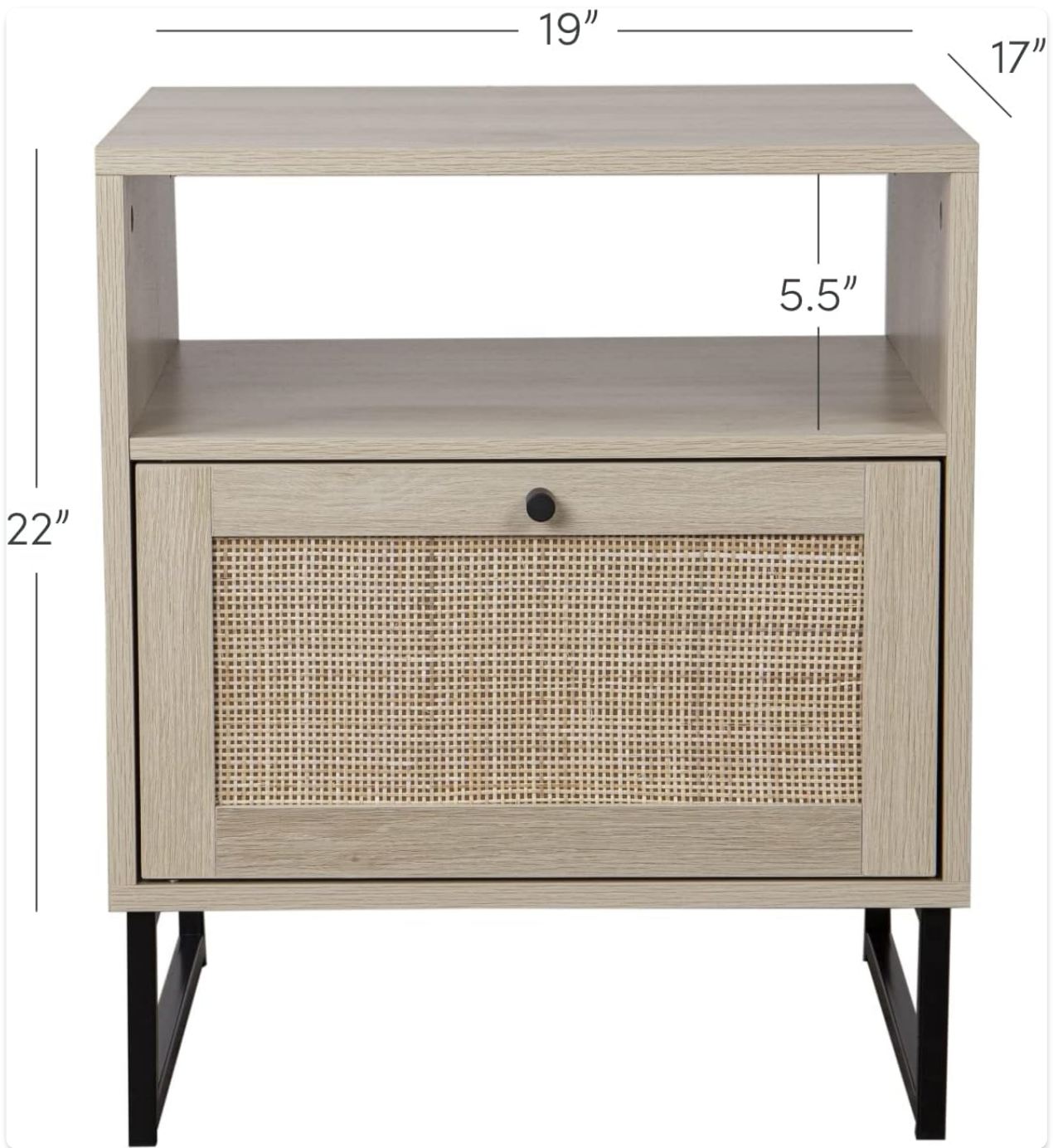
Figure 2: Product dimensions for assembly planning.
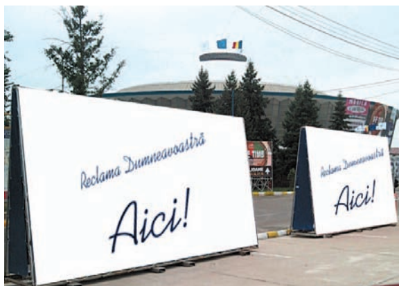
BANNER DISPLAY ON MOBILE PLATFORMS
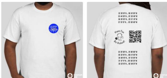
The design for the new AANR-West GPS Shirt will be finalized at the AANR-West Board Meeting November 14.

AANR members are invited to attend (either in person or by video link) and advocate for specific programs and policies if they wish.
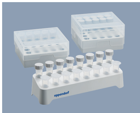
The ideal solution for sample preparation and storage: new racks and storage boxes
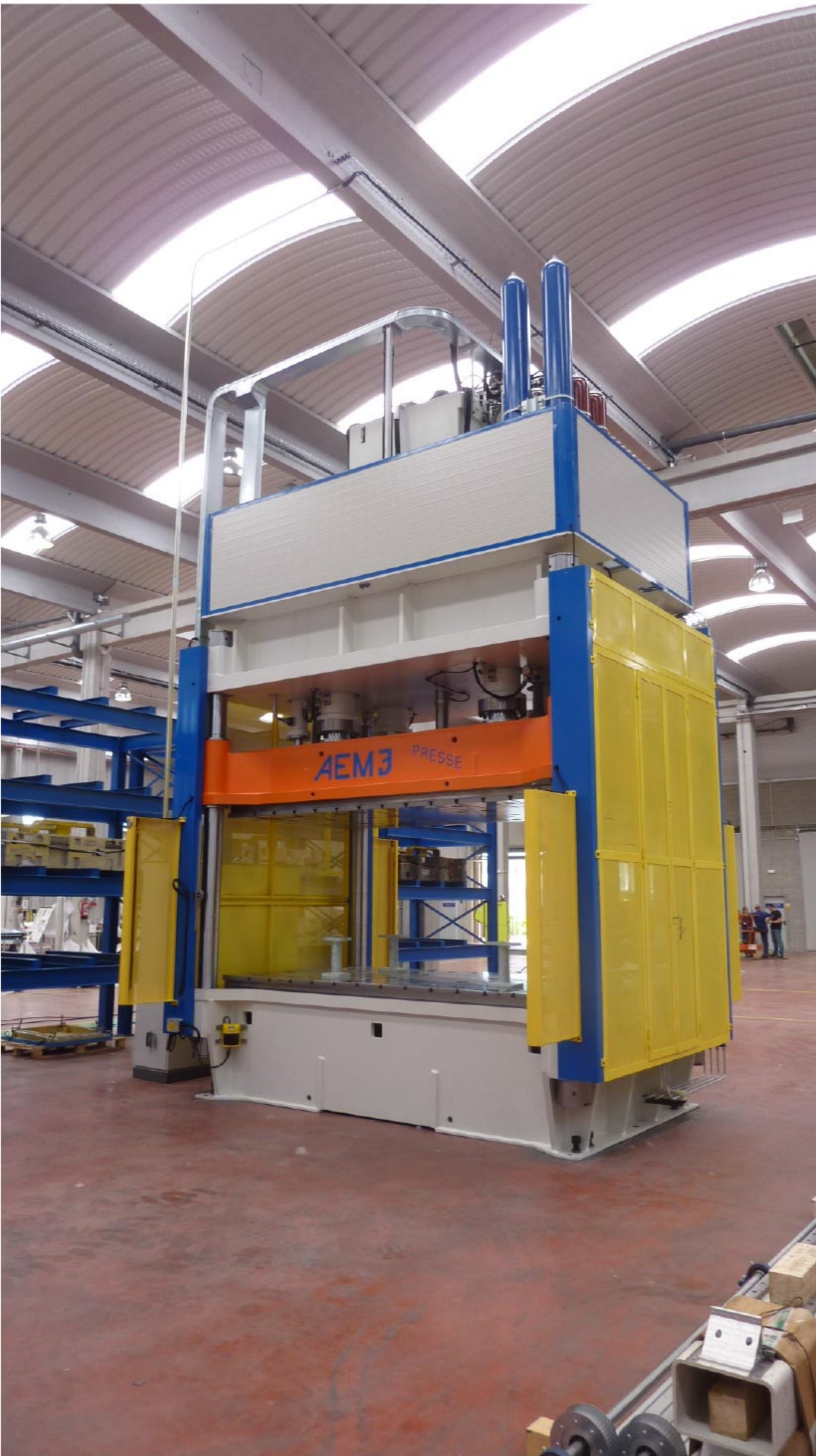
Automotive production press in Poland
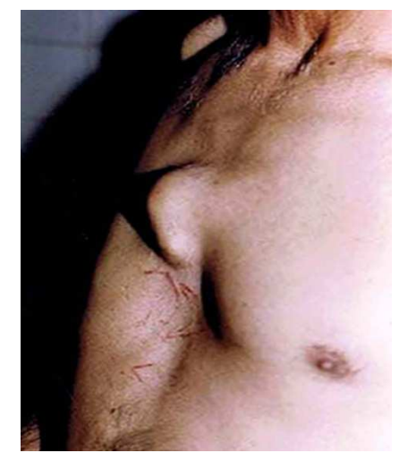
Fig 4: Swelling over lower part of sternum (Chondrosarcoma)

Excision biopsy helped in making the diagnosis, and 39 patients (79.59%) were definitely helped by accurate diagnosis, and specific treatment, besides diagnosis also helped in convincing these patients to go for treatment at higher centers.
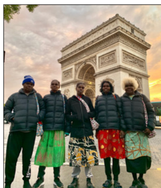
The Bábbarra artists enjoying the tourist sites around Paris during their recent visit.

The Jarracharra exhibition was opened on October 3 with a huge audience from
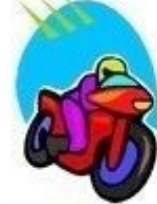
motorbike / motorcycle
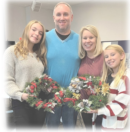
Advent Wreath Making Party and Wesley Center decorating last Sunday!
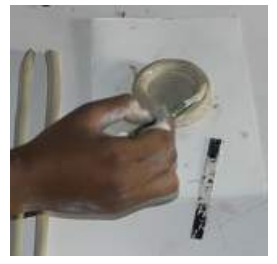
Apply slip-after each layer of coil
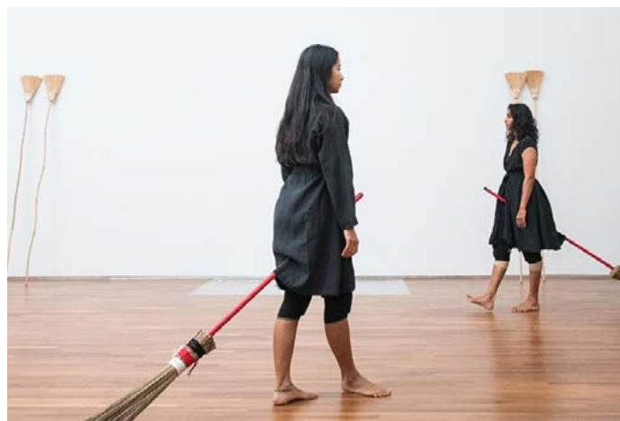
Magic Maids : Sweeping Sisters (a performance art)
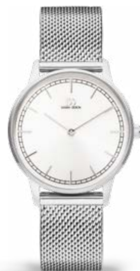
SILVER MESH IV62Q1249

CASE MATERIAL: Stainless Steel CASE DIAMETER: 32mm STRAP MATERIAL: Mesh Stainless Steel GLASS: Mineral Crystal WATER RESISTANCE: 3 ATM CASE THICKNESS: 6,2mm STRAP LOCK: Push clasp STRAP WIDTH: 16mm MOVEMENT: Miyota GL20
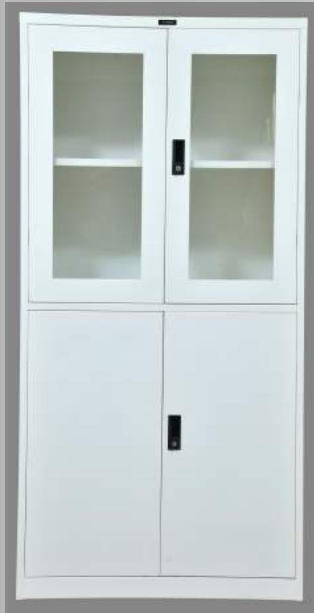
Full Height Glass Swing Door Storage

++++++++

**WORK TO COMPLETE:**
Leave the pictures out, and transcribe exactly the lines above starting at the one that contains "The Bábbarra artists" and ending at the one that contains "Apply slip-after each layer of coil".

**YOUR SOLUTION:**
The Bábbarra artists enjoying the tourist sites around Paris during their recent visit.

The Jarracharra exhibition was opened on October 3 with a huge audience from
motorbike / motorcycle
Advent Wreath Making Party and Wesley Center decorating last Sunday!
Apply slip-after each layer of coil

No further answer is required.